▸ **What is being asked**
Print, from the listing below, the lines starting at the line containing "Despite the claims" and ending at the line containing "Title Nine A-line", exactly as they stand, and print nothing else.

▸ **Available records**
○ ○ ○ ○ ○
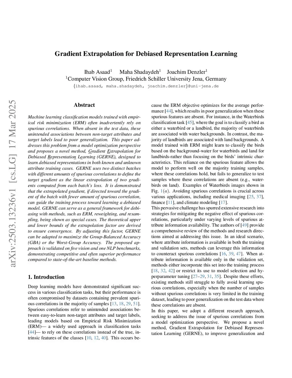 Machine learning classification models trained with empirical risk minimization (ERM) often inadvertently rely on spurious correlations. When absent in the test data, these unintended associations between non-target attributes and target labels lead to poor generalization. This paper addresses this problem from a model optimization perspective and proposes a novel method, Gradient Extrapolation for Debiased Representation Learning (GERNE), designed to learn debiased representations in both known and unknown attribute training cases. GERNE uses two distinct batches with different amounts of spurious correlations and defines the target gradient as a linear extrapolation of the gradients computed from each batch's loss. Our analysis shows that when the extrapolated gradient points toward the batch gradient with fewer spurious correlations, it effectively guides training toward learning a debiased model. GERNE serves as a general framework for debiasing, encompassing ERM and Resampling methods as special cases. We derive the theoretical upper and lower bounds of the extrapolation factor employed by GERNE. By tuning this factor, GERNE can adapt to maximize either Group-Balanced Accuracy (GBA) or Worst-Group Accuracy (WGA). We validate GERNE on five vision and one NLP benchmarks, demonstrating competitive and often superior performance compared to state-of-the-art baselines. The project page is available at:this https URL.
○ ○ ○ ○ ○
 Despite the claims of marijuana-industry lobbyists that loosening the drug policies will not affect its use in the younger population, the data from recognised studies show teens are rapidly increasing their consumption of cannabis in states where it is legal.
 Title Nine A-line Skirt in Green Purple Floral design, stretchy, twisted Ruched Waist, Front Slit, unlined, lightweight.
○ ○ ○ ○ ○
▸ **Answer below**
 Despite the claims of marijuana-industry lobbyists that loosening the drug policies will not affect its use in the younger population, the data from recognised studies show teens are rapidly increasing their consumption of cannabis in states where it is legal.
 Title Nine A-line Skirt in Green Purple Floral design, stretchy, twisted Ruched Waist, Front Slit, unlined, lightweight.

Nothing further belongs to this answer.